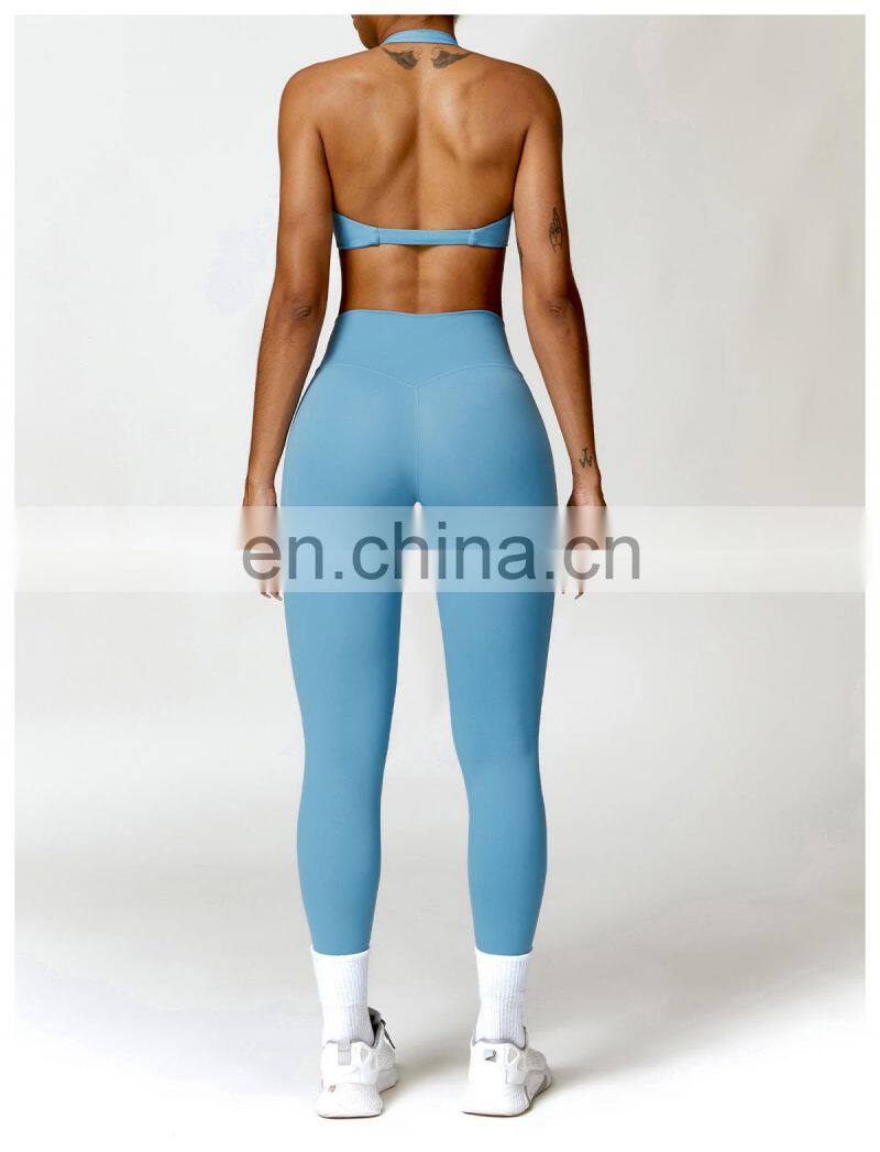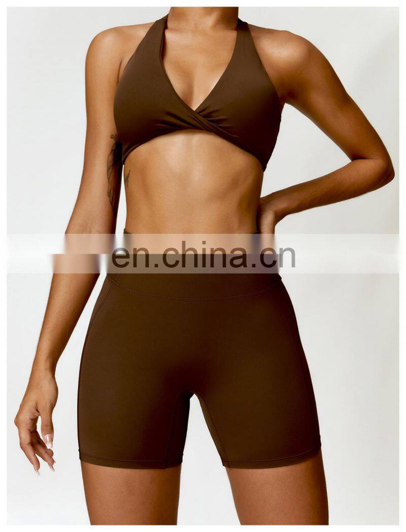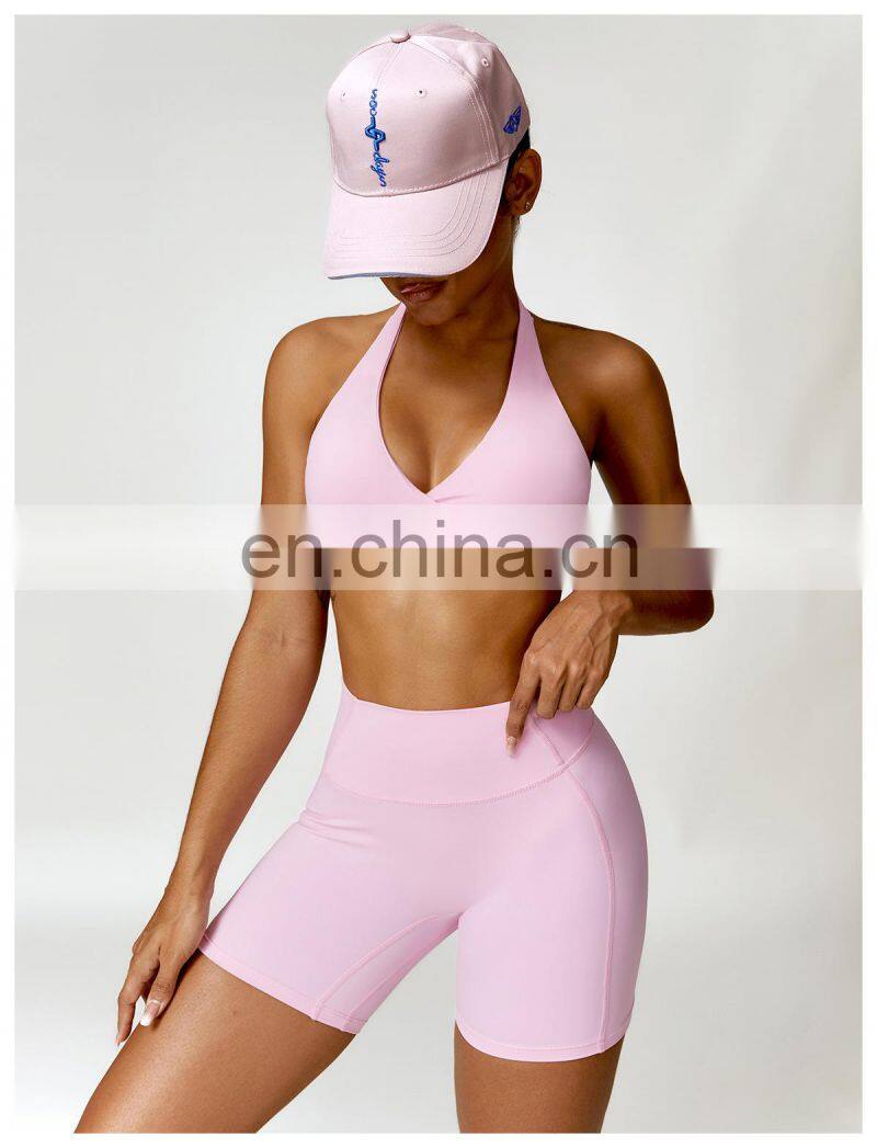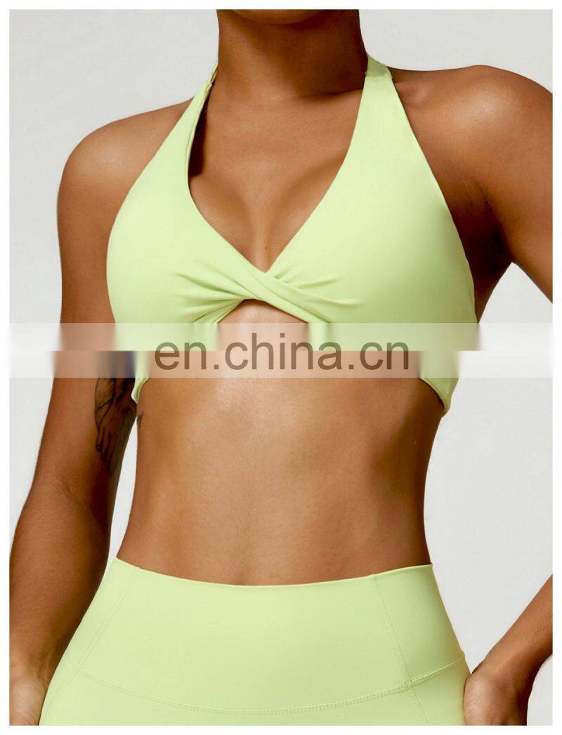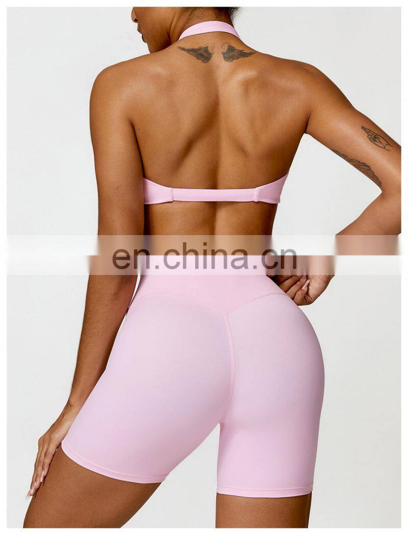 New Design Sexy Naked Soft Breathable Halter Neck Thin Straps Beauty Back Sports Yoga Wear Workout Fitness Bra Top For Women
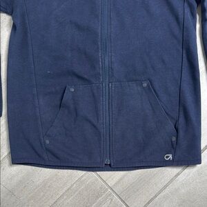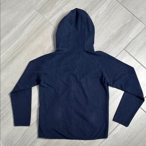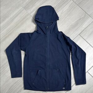 Stylish navy blue hooded jacket with a zip-up front. Features front pockets for convenience.
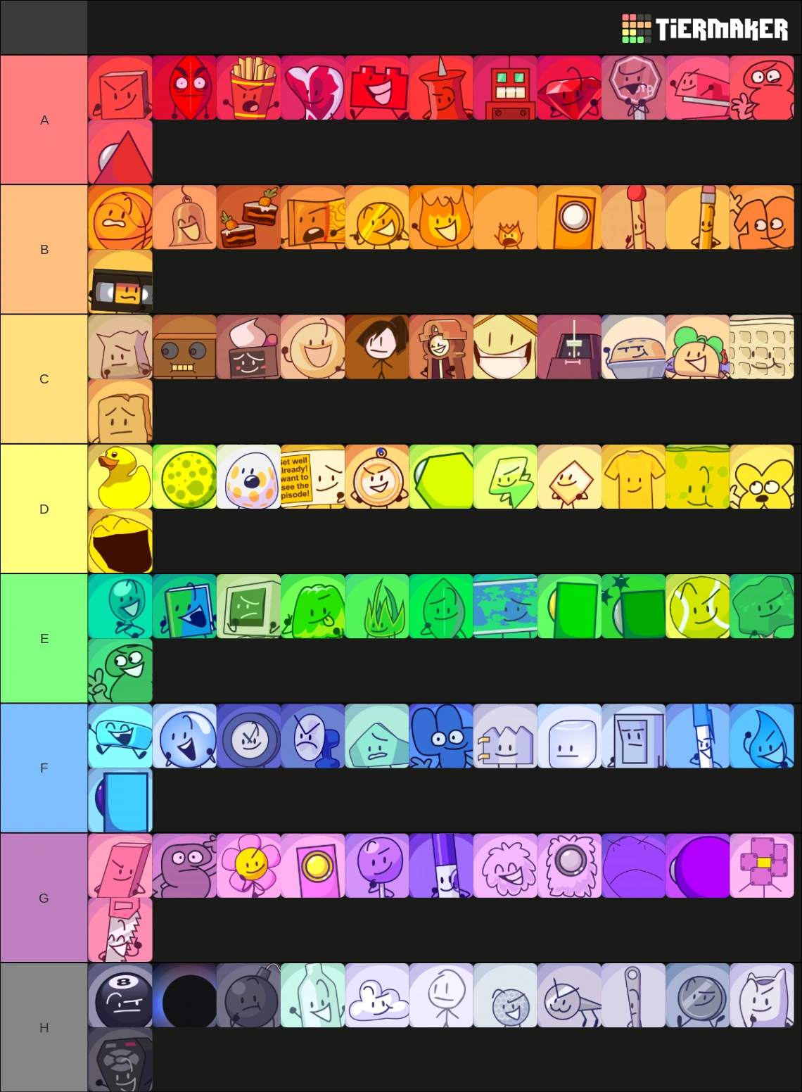 My BFDI Character Tier List (as of TPOT 7) | Fandom

_ _ _ _ _ _ _

Take the preceding listing and transcribe it exactly, skipping the pictures.

» TASK RESULT:
 New Design Sexy Naked Soft Breathable Halter Neck Thin Straps Beauty Back Sports Yoga Wear Workout Fitness Bra Top For Women
 Stylish navy blue hooded jacket with a zip-up front. Features front pockets for convenience.
 My BFDI Character Tier List (as of TPOT 7) | Fandom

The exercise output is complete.